Records from a data collection:
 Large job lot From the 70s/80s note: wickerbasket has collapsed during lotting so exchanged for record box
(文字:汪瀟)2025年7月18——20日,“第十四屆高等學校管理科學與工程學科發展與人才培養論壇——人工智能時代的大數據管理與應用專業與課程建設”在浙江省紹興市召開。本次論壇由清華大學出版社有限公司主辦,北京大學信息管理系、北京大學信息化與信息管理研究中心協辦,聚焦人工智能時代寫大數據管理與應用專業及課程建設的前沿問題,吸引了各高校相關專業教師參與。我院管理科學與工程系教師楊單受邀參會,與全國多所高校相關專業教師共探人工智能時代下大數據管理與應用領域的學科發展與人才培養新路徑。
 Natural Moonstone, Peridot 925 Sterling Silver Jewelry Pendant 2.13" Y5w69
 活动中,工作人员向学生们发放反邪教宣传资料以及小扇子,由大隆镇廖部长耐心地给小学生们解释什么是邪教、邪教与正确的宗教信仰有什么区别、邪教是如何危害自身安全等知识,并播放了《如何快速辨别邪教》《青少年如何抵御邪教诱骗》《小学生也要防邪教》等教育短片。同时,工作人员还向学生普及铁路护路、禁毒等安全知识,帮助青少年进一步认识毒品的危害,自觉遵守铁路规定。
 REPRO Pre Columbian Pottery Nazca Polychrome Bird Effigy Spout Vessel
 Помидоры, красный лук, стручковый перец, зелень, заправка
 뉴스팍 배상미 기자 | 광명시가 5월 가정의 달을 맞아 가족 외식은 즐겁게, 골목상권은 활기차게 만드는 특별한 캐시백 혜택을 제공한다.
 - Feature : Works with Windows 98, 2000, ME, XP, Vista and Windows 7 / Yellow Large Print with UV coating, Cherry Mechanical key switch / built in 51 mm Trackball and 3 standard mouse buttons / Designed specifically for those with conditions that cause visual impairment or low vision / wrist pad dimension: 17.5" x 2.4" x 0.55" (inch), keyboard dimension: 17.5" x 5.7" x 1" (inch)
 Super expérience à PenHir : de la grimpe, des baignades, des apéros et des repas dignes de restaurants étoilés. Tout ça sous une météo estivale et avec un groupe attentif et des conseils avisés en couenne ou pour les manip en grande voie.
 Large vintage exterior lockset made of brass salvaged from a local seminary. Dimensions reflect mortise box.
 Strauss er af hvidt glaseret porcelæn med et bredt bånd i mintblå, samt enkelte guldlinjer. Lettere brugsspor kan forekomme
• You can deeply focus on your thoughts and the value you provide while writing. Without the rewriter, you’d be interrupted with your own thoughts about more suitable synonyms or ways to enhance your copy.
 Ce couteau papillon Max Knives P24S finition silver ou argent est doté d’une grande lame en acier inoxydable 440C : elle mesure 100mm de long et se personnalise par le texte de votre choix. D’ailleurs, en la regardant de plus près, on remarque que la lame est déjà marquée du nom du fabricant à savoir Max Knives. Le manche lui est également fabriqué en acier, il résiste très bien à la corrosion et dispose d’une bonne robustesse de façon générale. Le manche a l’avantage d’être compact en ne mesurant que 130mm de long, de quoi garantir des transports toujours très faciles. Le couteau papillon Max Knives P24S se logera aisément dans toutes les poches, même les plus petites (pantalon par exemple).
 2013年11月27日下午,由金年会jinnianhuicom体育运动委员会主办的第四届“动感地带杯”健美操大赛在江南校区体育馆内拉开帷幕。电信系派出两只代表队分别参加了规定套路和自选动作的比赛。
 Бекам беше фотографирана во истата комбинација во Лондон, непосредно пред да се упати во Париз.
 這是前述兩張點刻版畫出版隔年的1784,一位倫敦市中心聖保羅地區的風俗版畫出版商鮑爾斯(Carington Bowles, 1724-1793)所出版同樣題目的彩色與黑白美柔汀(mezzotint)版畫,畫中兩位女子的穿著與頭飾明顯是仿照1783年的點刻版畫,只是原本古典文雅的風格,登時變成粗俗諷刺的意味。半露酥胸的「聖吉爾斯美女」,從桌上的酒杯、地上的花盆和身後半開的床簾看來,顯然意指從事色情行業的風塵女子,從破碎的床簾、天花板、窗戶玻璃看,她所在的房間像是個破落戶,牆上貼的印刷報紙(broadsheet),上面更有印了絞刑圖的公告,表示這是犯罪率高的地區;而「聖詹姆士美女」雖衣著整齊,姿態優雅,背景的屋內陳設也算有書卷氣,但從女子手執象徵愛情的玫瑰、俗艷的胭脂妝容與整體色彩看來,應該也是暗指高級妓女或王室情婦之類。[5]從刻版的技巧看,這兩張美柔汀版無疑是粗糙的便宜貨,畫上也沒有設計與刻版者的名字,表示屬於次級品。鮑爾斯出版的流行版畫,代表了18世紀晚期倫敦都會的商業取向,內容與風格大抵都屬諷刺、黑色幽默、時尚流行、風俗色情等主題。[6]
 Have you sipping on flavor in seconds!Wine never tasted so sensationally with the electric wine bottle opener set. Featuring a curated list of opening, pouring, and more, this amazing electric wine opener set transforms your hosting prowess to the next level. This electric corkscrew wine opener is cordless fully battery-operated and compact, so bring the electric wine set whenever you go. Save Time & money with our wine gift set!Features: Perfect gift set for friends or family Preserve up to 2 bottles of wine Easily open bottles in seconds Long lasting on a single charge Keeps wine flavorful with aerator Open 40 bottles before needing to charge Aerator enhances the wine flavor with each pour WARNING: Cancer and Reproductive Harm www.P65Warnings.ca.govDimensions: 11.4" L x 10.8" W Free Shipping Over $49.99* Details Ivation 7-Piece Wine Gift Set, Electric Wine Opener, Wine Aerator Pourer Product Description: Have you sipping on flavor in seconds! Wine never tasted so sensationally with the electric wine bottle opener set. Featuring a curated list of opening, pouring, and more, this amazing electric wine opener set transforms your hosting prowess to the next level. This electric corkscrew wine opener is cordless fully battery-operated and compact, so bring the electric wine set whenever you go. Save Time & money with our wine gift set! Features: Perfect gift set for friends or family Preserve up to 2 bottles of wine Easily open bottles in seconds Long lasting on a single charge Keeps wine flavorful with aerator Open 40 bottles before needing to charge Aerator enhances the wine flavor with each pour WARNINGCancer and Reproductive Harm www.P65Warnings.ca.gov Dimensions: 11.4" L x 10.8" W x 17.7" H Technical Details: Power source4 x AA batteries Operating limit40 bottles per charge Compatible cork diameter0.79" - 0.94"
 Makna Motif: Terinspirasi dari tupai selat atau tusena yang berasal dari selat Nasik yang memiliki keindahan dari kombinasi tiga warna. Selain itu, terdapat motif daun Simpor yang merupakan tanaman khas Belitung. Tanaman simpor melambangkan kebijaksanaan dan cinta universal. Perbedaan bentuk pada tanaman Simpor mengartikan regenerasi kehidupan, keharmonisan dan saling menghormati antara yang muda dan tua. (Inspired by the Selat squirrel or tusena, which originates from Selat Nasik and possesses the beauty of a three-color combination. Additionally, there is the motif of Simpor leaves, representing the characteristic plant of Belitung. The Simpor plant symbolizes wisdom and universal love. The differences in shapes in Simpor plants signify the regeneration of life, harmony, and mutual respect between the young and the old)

§ **YOUR INSTRUCTIONS**: Quote the records from their first line to the line with "enhance your copy.", inclusive, without adding or dropping anything.

§ **RESPONSE BOX**:
 Large job lot From the 70s/80s note: wickerbasket has collapsed during lotting so exchanged for record box
(文字:汪瀟)2025年7月18——20日,“第十四屆高等學校管理科學與工程學科發展與人才培養論壇——人工智能時代的大數據管理與應用專業與課程建設”在浙江省紹興市召開。本次論壇由清華大學出版社有限公司主辦,北京大學信息管理系、北京大學信息化與信息管理研究中心協辦,聚焦人工智能時代寫大數據管理與應用專業及課程建設的前沿問題,吸引了各高校相關專業教師參與。我院管理科學與工程系教師楊單受邀參會,與全國多所高校相關專業教師共探人工智能時代下大數據管理與應用領域的學科發展與人才培養新路徑。
 Natural Moonstone, Peridot 925 Sterling Silver Jewelry Pendant 2.13" Y5w69
 活动中,工作人员向学生们发放反邪教宣传资料以及小扇子,由大隆镇廖部长耐心地给小学生们解释什么是邪教、邪教与正确的宗教信仰有什么区别、邪教是如何危害自身安全等知识,并播放了《如何快速辨别邪教》《青少年如何抵御邪教诱骗》《小学生也要防邪教》等教育短片。同时,工作人员还向学生普及铁路护路、禁毒等安全知识,帮助青少年进一步认识毒品的危害,自觉遵守铁路规定。
 REPRO Pre Columbian Pottery Nazca Polychrome Bird Effigy Spout Vessel
 Помидоры, красный лук, стручковый перец, зелень, заправка
 뉴스팍 배상미 기자 | 광명시가 5월 가정의 달을 맞아 가족 외식은 즐겁게, 골목상권은 활기차게 만드는 특별한 캐시백 혜택을 제공한다.
 - Feature : Works with Windows 98, 2000, ME, XP, Vista and Windows 7 / Yellow Large Print with UV coating, Cherry Mechanical key switch / built in 51 mm Trackball and 3 standard mouse buttons / Designed specifically for those with conditions that cause visual impairment or low vision / wrist pad dimension: 17.5" x 2.4" x 0.55" (inch), keyboard dimension: 17.5" x 5.7" x 1" (inch)
 Super expérience à PenHir : de la grimpe, des baignades, des apéros et des repas dignes de restaurants étoilés. Tout ça sous une météo estivale et avec un groupe attentif et des conseils avisés en couenne ou pour les manip en grande voie.
 Large vintage exterior lockset made of brass salvaged from a local seminary. Dimensions reflect mortise box.
 Strauss er af hvidt glaseret porcelæn med et bredt bånd i mintblå, samt enkelte guldlinjer. Lettere brugsspor kan forekomme
• You can deeply focus on your thoughts and the value you provide while writing. Without the rewriter, you’d be interrupted with your own thoughts about more suitable synonyms or ways to enhance your copy.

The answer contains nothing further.